In the 1950s she was a member of the cabaret group known today as the Nameless Ensemble , which also included Gerhard Bronner , Helmut Qualtinger , Carl Merz , Peter Wehle , Georg Kreisler and Michael Kehlmann . From the beginning, from 1957, Martini was the presenter of the radio show Auto Drivers .

In 1962 she moved to Munich , where she celebrated success in the musical Irma La Douce . Later she was a member of the ensemble at the Deutsches Schauspielhaus in Hamburg , at the Münchner Kammerspiele and at the Münchner Residenztheater . She played her first television role in 1963 under the direction of Ludwig Cremer in Spiel im Morgengrauen . Martini became known to a wide audience primarily through her numerous television appearances, with prominent roles in series such as Traumschiff , Derrick , Der Kommissar , Tatort , Kottan and Ein Fall für Zwei . But she always remained loyal to the radio and acted as a speaker in well over 100 radio plays.

From 1968 she lived again in Vienna, in the residential complex that has been called Helmut-Qualtinger-Hof since September 1989 , and presented the weekly programs Mittags-Martini and Martini-Cocktail on the third radio program Ö3 of the Austrian Broadcasting Corporation (ORF) for 17 years . She has also hosted the Club 2 talk show on several occasions .

After a long absence from the stage in Vienna, Felix Dvorak brought Martini in 1997 for the role of Valerie in his production of Horváth's Tales from the Vienna Woods at the Berndorf City Theater . Martini was connected to the theater in der Josefstadt , to whose ensemble she belonged to the end. The actress celebrated her 60th stage anniversary in 2009 under the title Nylons, Swing and Chesterfield with excerpts from her career in the Kammerspiele.

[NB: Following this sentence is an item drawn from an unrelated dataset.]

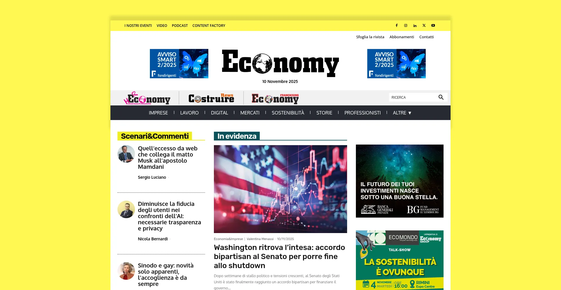 Economy online è il portale di notizie e analisi quotidiane di economia, di politica e di finanza in Italia e nel mondo.

Louise Martini has received numerous awards, including a. the Golden Camera (1978), the Golden Medal of Honor of the City of Vienna (1987), the Johann Nestroy Ring (1997) and the Golden Vienna Decoration of Honor (2006). In 1998 her book Ein O für Louise - Wien was published in the 1950s .

Martini also made a name for himself as a Diseuse , as heard on the record Frivolitäten - 10 Diseusen - 10 Chansons by Polydor .

After her first marriage to the vibraphonist Bill Grah , she was married to the director Heinz Wilhelm Schwarz from 1966 until his death in 2004 . Louise Martini died on the night of January 16-17, 2013. On February 4, the funeral service took place in the Simmering fire hall ; her urn was buried in the closest family circle in the cemetery in Anif .

In 2014, Louise-Martini-Strasse in Vienna- Landstrasse (3rd district) was named after her.

Filmography (selection )

Radio plays

Awards

literature

Web links

Individual evidence

  1. Colleagues said goodbye to Louise Martini at a funeral in Vienna. On: vienna.at. February 4, 2013, accessed December 17, 2013.
  2. The grave of Louise Martini. On: knerger.de.